Using Schema References¶
Schema references provide the most robust way to handle multiple event types in a single topic. With this approach, you define a main schema that references other schemas, allowing for modular schema management and independent evolution of event types.
For example, consider a topic that combines purchase and pageview events.
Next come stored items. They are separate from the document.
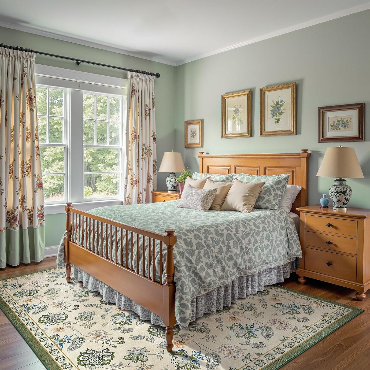 jinchan 8x10 Floral Rug for Living Room Washable Bedroom Rug Vintage Romance Design Non Slip Thin Indoor Floor Cover Large Low-Profile Throw Carpet for Dining Room Office, Green/Beige
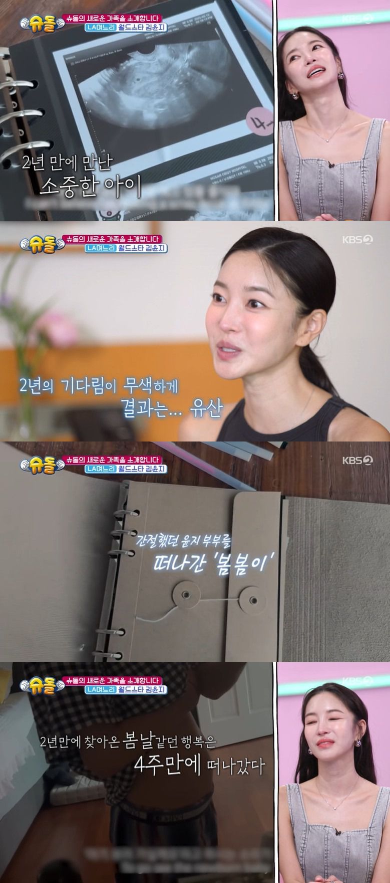 김윤지는 2021년 결혼 이후 시험관 시술로 2023년 임신했으나 안타깝게도 떠나보내야 했다고. 그는 "첫 아이를 계류 유산을 했었다"며 2년의 기다림이 무색하게도 4주 만에 떠나갔던 아이 봄봄이를 언급했다.
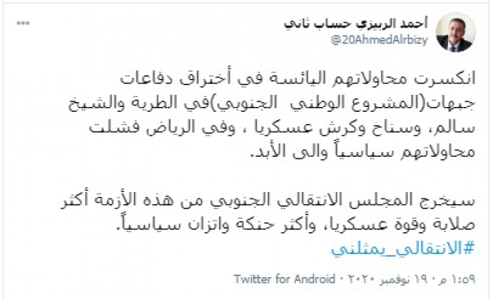وكتب "الربيزي" تغريدة عبر تويتر، رصدها "المشهد العربي": "انكسرت محاولاتهم اليائسة في اختراق دفاعات جبهات (المشروع الوطني الجنوبي) في الطرية والشيخ سالم، وسناح وكرش عسكريًا، وفي الرياض فشلت محاولاتهم سياسيًا وإلى الأبد".
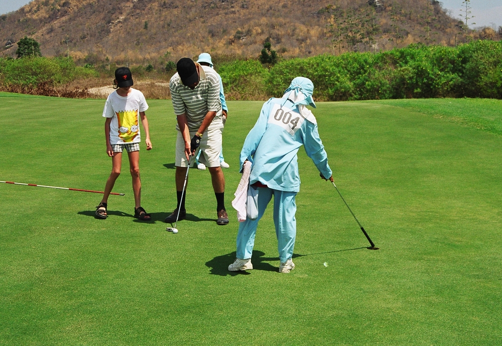 Sawat does everything for me but swing the club. She drives the cart, gardens divots, keeps score, and when my last ball plunks into a lake, she finds others in the bushes. Six years at Laem Chabang, where caddies must pass three months of training and testing, has made her fluent in golf.
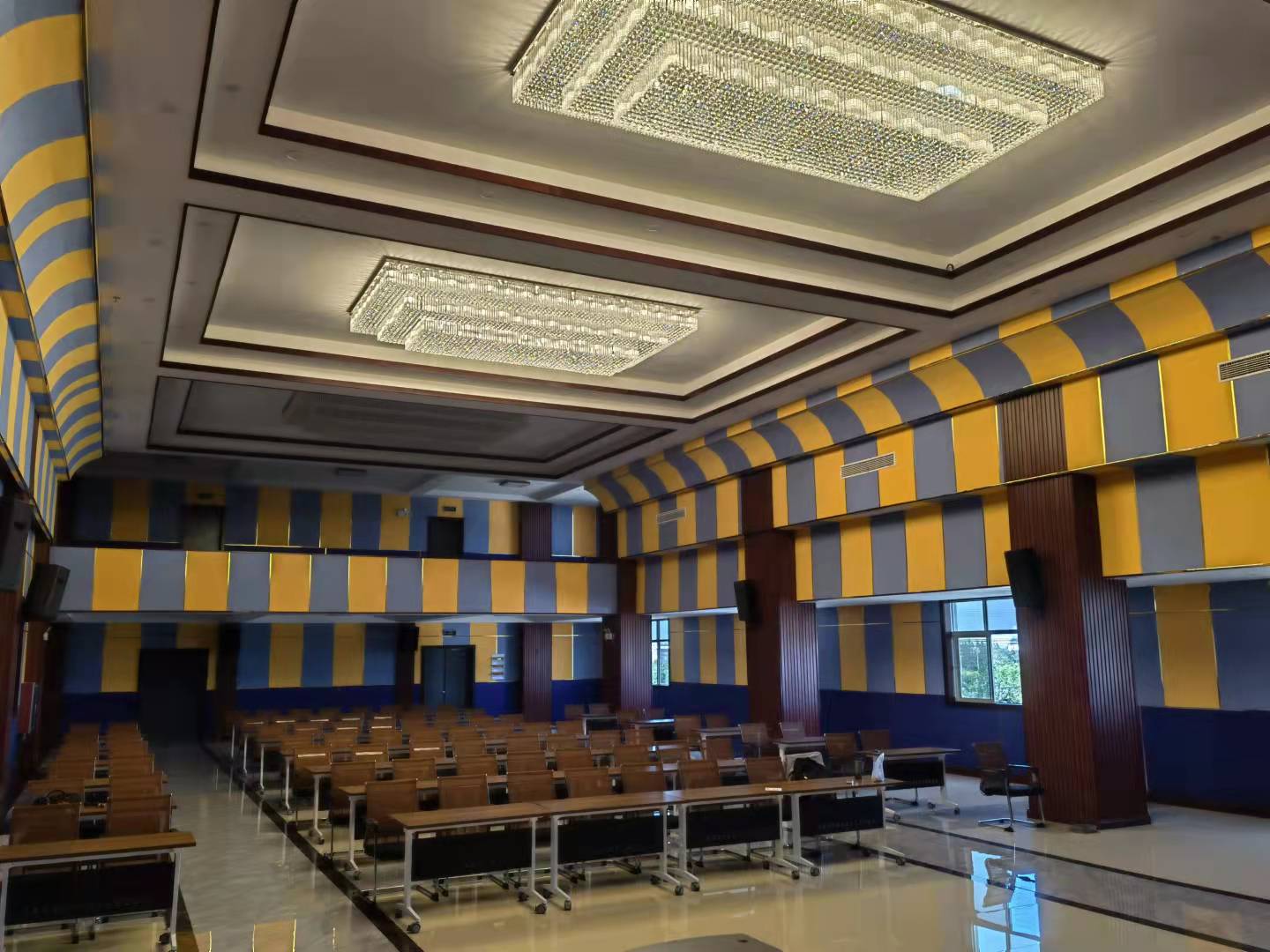 會議室采用DS無線數字會議系統(tǒng):系統(tǒng)采用無線方式連接,便攜安裝,而且無需布線,不影響整體的裝修布局。可連接會場音響擴聲及錄音設備,可與DS中控系統(tǒng)結合,締造完美的會議系統(tǒng)方案。
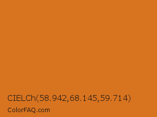 CIELCh 58.942,68.145,59.714 Color is a normal orange color and the nearest color is Hot Cinnamon #d2691e. Hex code #d87320 and RGB value is rgb(216,115,32). In RGB color space, this color is composed of 85% red, 45% green, 13% blue, In CMYK color space, this color is composed of 0% cyan, 47% magenta, 85% yellow , 15% black , In HSL color space, this color has a hue angle of 27° , 74% saturation and 49% lightness.
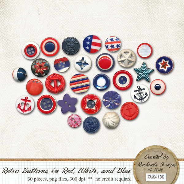 Retro Buttons in Red, White, & Blue
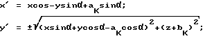 их осей и на расстоянии 2v, согласно изобретению наружная поверхность выполнена в форме нелинейчатого квазигиперболоида вращения, определяемого по формулам
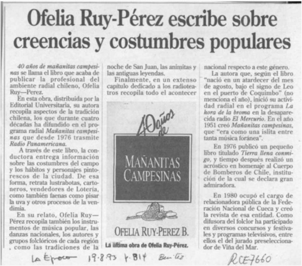 Ofelia Ruy-Pérez escribe sobre creencias y costumbres populares [artículo].
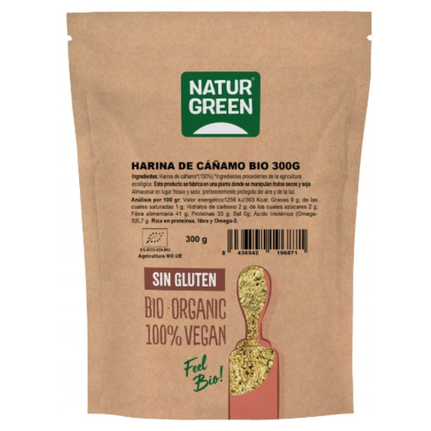 Harina de Cáñamo Bio 300g NaturgreenSin gluten, adecuada para hornear y otras aplicaciones de cocina. Se puede utilizar para espesar salsas, o para añadir a otras harinas. Normalmente puede reemplazar el 25% de harina.
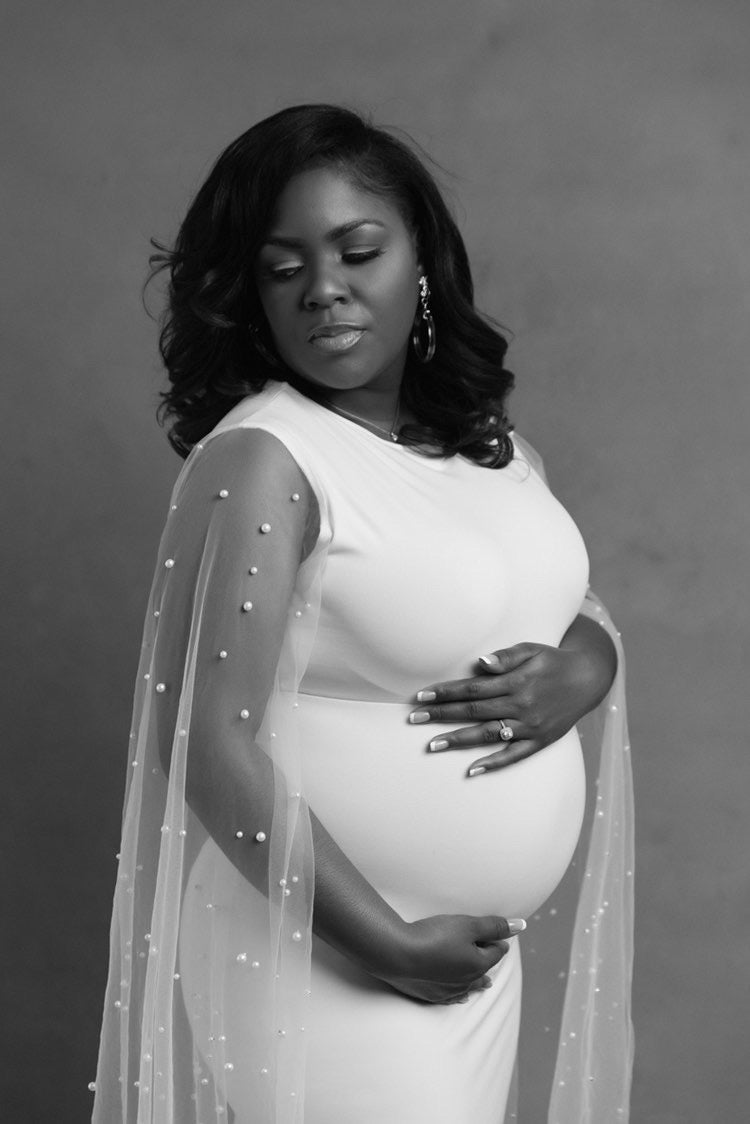 Make a graceful statement in this on-the-shoulder maternity gown, crafted from luxe four-way stretch fabric that moves with you and flatters your growing bump. Designed with a sleek, fitted silhouette and a soft short train, the look is elevated by a stunning mesh pearl cape that cascades from the shoulders—adding timeless elegance and gentle movement.

Schema for purchase events.
{ "type":"record", "namespace": "io.confluent.developer.avro", "name":"Purchase", "fields": [ {"name": "item", "type":"string"}, {"name": "amount", "type": "double"}, {"name": "customer_id", "type": "string"} ] }
{ "$schema": "http://json-schema.org/draft-07/schema#", "title": "Purchase", "type": "object", "properties": { "item": { "type": "string" }, "amount": { "type": "number" }, "customer_id": { "type": "string" } }, "required": ["item", "amount", "customer_id"] }
syntax = "proto3"; package io.confluent.developer.proto; message Purchase { string item = 1; double amount = 2; string customer_id = 3; }
Schema for pageview events.
{ "type":"record", "namespace": "io.confluent.developer.avro", "name":"Pageview", "fields": [ {"name": "url", "type":"string"}, {"name": "is_special", "type": "boolean"}, {"name": "customer_id", "type": "string"} ] }
{ "$schema": "http://json-schema.org/draft-07/schema#", "title": "Pageview", "type": "object", "properties": { "url": { "type": "string" }, "is_special": { "type": "boolean" }, "customer_id": { "type": "string" } }, "required": ["url", "is_special", "customer_id"] }
syntax = "proto3"; package io.confluent.developer.proto; message Pageview { string url = 1; bool is_special = 2; string customer_id = 3; }
Combined schema that references both event types:
[ "io.confluent.developer.avro.Purchase", "io.confluent.developer.avro.Pageview" ]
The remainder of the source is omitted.